歩きながら考える

最近ちょっとお疲れ気味

航空機とガルバニック腐食、そして工作機械需要

2008-08-24 16:41:55 | Weblog
 最近の航空機には炭素繊維強化樹脂(CFRP)が多用されます。CFRPは強くて軽く、耐腐食性にも優れており、航空機の機体にうってつけの素材なのですが、従来機体の材料として多用されてきたアルミ合金との相性が悪く、CFRPと接触したアルミ合金が腐食されやすくなってしまうという大きな欠点がある、と工作機械メーカーの方から教えられました。どういうことなのかと思い、ネットで調べてみたところ、日本材料学会に提出された「複合皮膜による耐ガルバニック腐食CFMLの創製」という論文を見つけました。

(以下引用)
 近年、航空宇宙を初め、造船、車両、建築など多様な分野において、炭素繊維強化樹脂(Carbon Fiber-Reinforced Plastic 略称CFRP)を代表とする先進複合材料が積極的に利用されている。

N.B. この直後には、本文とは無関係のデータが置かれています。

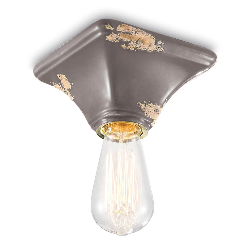 Die Deckenleuchte C135 ist eine schlicht gestaltete, eckige Leuchte, die fast nur aus einer Lampenfassung besteht. Die keramische Deckenhalterung erinnert durch ihre teils wie abgenutzt erscheinende Oberfläche stark an den urbanen Stil und passt perfekt in das Vintage-Ambiente. Die raffinierte Erinnerung an vergangene Zeiten und die Schlichtheit der Formgebung verleihen C135 einen einzigartigen Charakter. Besonders stilecht kommt die Deckenleuchte zur Geltung, wenn eine Rustika-Lampe mit Filamenttechnik oder mit Kohlefaden-Optik eingesetzt wird.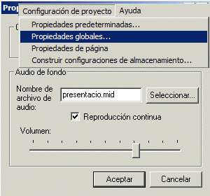 del proyecto | Propiedades globales podeu triar un fitxer de so
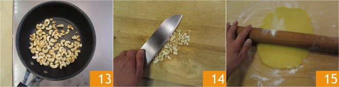 Nachdem sie geröstet sind 13, hacken Sie sie 14. Rollen Sie den Mürbeteig auf eine Dicke von etwa 7-8 mm aus 15.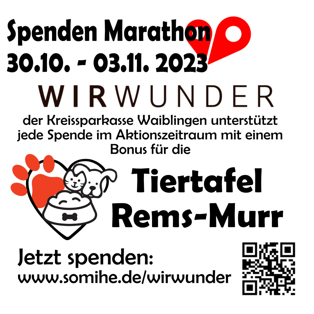 Seit einem Monat haben wir offiziell geöffnet. Der Zulauf an Klienten ist noch etwas slow, unser Bekanntheitsgrad noch zu gering. Das sorgt uns aber nicht, denn die Zeit wird dieses ändern. Im Moment nutzen wir die Zeit um Spenden zu sammeln, Abläufe zu optimieren und Kooperatinen zu schließen. Da wir einen ganzen Landkreis dezentral versorgen möchten, sind Kooperationen auch dringend nötig. Wir wollen 1x pro Monat an verschiedenen Standorten eine Futterausgabe anbieten. Bisher ist das in Schorndorf und Backnang der Fall, in Kürze auch in Winnenden. Wir möchten auch in Waiblingen oder Fellbach regelmäßige Ausgaben realisieren, und bei Bedarf auch…

中には繊維強化金属積層板(Fiber-Reinforced Metal Laminates 略称FMLまたはFRML)というハイブリッド複合材料が航空分野に新規採用され、注目されている。(中略)しかし、CFRPとアルミ合金の接触に起因するガルバニック腐食問題は依然として未解決なままである。従来、この腐食問題を克服するため、CFRPとアルミ合金の間に一層のガラス繊維強化樹脂(Glass Fiber-Reinforced Plastic 略称GFRP)や熱可塑性フィルムなどを挿入する方法を研究されていたが、いずれもCFMLの剛性や強度などを低下させる弱点があるため、未だ実用化に至らなかった。従って、炭素繊維を強化繊維とするCFMLを実用化させるためには、ガルバニック腐食を克服し、FMLの剛性や強度などの力学特性を最大限に発揮できる防食方法の開発は必要である。
(引用終わり)


 正直言って「ガルバニック腐食」についての詳しいことはよくわからないのですが、CFRPとアルミの電位差が原因となってアルミ合金が腐食されてしまうんですね。
 CFRPといえば、ボーイングの次世代中型旅客機B787はこれを大胆に使用していることで知られています。このCFRPという取り扱いが厄介な素材にボーイングが手間取っていることが、B787の生産開始が大幅に遅れている背景の1つであると聞きました。
 とはいえ軽量化のニーズに対応するため機体にCFRPを活用する動きは止まらないでしょう。CFRPが多用されるとアルミ合金が使いにくい、そうはいっても機体に金属を全く使わないわけにもいかない、では何を使うかというとこれがチタンです。つまり、CFRPが航空機に多用されるようになるとチタンが多く使われるようになる、チタンが多く使われるようになるとこれを削るための低速・高剛性・大トルクの工作機械が必要になるわけで、日本の工作機械メーカーの大手はこの需要を狙っているのだそうです。なるほどなあ。